+++ WORKING DATA
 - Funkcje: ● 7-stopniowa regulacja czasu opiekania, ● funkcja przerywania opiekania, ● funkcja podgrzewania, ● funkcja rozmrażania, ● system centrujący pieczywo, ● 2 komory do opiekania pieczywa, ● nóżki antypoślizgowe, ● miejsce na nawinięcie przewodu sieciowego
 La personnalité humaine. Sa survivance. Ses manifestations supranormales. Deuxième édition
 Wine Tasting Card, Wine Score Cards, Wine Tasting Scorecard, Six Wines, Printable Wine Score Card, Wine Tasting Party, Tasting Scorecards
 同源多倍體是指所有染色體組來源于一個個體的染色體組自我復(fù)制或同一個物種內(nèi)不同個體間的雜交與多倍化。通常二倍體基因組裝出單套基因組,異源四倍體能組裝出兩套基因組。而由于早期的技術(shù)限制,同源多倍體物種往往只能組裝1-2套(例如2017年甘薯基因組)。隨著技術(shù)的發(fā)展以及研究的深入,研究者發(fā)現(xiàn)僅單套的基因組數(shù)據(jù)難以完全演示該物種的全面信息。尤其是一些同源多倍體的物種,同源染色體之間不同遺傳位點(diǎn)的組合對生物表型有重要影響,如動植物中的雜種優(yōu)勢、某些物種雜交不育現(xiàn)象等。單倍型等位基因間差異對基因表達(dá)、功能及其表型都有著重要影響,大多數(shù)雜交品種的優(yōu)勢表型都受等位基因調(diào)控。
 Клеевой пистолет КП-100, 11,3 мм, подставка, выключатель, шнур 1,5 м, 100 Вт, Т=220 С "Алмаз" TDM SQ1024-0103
++++++
+++ WORKING DATA
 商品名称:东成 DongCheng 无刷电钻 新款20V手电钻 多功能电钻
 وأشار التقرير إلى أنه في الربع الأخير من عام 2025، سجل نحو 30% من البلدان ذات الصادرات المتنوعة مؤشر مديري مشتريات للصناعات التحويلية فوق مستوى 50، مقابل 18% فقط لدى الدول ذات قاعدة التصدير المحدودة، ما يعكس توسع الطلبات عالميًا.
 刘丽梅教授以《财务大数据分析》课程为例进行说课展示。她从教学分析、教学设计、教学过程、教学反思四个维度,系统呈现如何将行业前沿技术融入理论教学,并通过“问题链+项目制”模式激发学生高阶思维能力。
++++++
### WHAT YOU HAVE TO DO
Word for word, restate the lines of the data above that fall between the line holding "同源多倍體是指所有染色體組來" and the line holding "Клеевой пистолет КП-100, 11,3", inclusive, and no other lines.

### TASK OUTPUT
 同源多倍體是指所有染色體組來源于一個個體的染色體組自我復(fù)制或同一個物種內(nèi)不同個體間的雜交與多倍化。通常二倍體基因組裝出單套基因組,異源四倍體能組裝出兩套基因組。而由于早期的技術(shù)限制,同源多倍體物種往往只能組裝1-2套(例如2017年甘薯基因組)。隨著技術(shù)的發(fā)展以及研究的深入,研究者發(fā)現(xiàn)僅單套的基因組數(shù)據(jù)難以完全演示該物種的全面信息。尤其是一些同源多倍體的物種,同源染色體之間不同遺傳位點(diǎn)的組合對生物表型有重要影響,如動植物中的雜種優(yōu)勢、某些物種雜交不育現(xiàn)象等。單倍型等位基因間差異對基因表達(dá)、功能及其表型都有著重要影響,大多數(shù)雜交品種的優(yōu)勢表型都受等位基因調(diào)控。
 Клеевой пистолет КП-100, 11,3 мм, подставка, выключатель, шнур 1,5 м, 100 Вт, Т=220 С "Алмаз" TDM SQ1024-0103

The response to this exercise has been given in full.